Né à Lure (Haute-Saône) et biberonné au ballon rond depuis sa tendre enfance par un papa responsable de l’école de foot du club local, Anthony (36 ans) démontre vite des qualités au-dessus de la moyenne. Mais c’est à l’âge de 12 ans que sa carrière décolle véritablement. Coéquipier à la JS Lure d’un certain Romain Hamouma, les deux copains flambent contre Sochaux lors d’un tournoi de foot en salle. Il n’en faut pas plus pour taper dans l’œil des recruteurs du FCSM.
Après des tests passés avec succès, Anthony et Romain poussent ensemble les portes du centre de formation du FC Sochaux. Anthony passe 9 saisons au château de Seloncourt, où il effectue toutes ses classes.

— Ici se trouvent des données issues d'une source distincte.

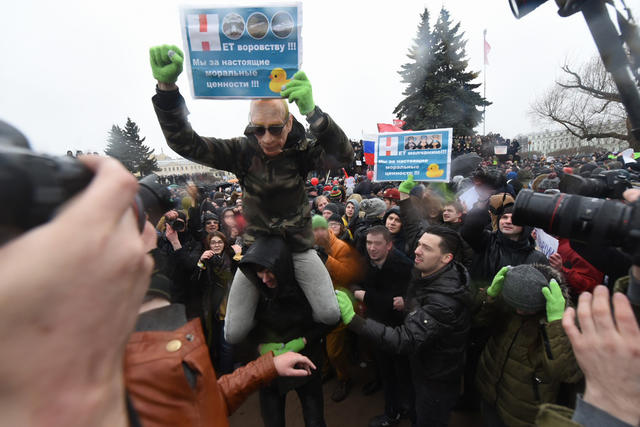 Погода в Петербурге к прогулкам 26 марта не располагала: дождь со снегом и штормовой ветер. Однако на Марсовом поле, где стартовала акция «Он вам не Димон», по разным оценкам, собралось от трех тысяч (по данным администрации Петербурга) до 10 тысяч человек (по данным очевидцев). Пересечений с теми, кто недавно на том же самом месте митинговал против передачи Исаакиевского собора Русской православной церкви, было не так уж много: на антикоррупционную акцию пришло гораздо больше молодежи.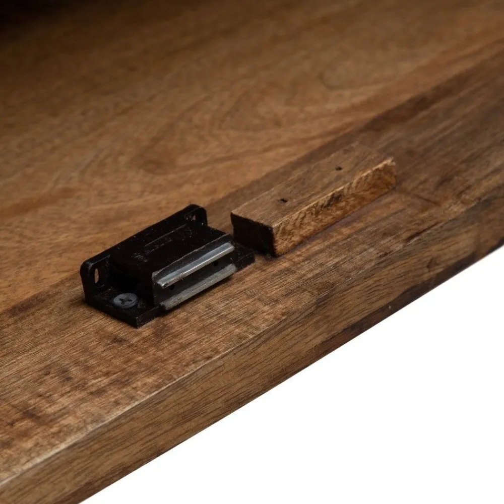 Aparador de madera de mango en color natural, con cuatro puertas de capilla con vitrina de cristal transparente. Un aparador de estilo rústico que destacará en ambientes modernos.

En 2007, sous la responsabilité du duo Perrin-Galtier, les Sochaliens trustent le haut de tableau de Ligue 1 et remportent la coupe de France au dépens de l’Olympique de Marseille. Pendant cette période, Anthony participe à tous les entraînements avec les pros la semaine avant de redescendre en réserve le week-end. Malheureusement, avec le changement de coach et l’arrivée de Frédéric Hantz, le contrat d’un an qui lui était promis tombe à l’eau. Fin de la belle idylle Sochalienne pour l’infatigable milieu de terrain qui, aujourd’hui, n’a pas de regret et reste très lucide : « Je sentais bien que c’était compliqué pour moi de jouer en Ligue 1 mais le club serait en Ligue 2 comme aujourd’hui, je pense que j’aurais eu ma chance ».
« Je la ramenais beaucoup sur le terrain »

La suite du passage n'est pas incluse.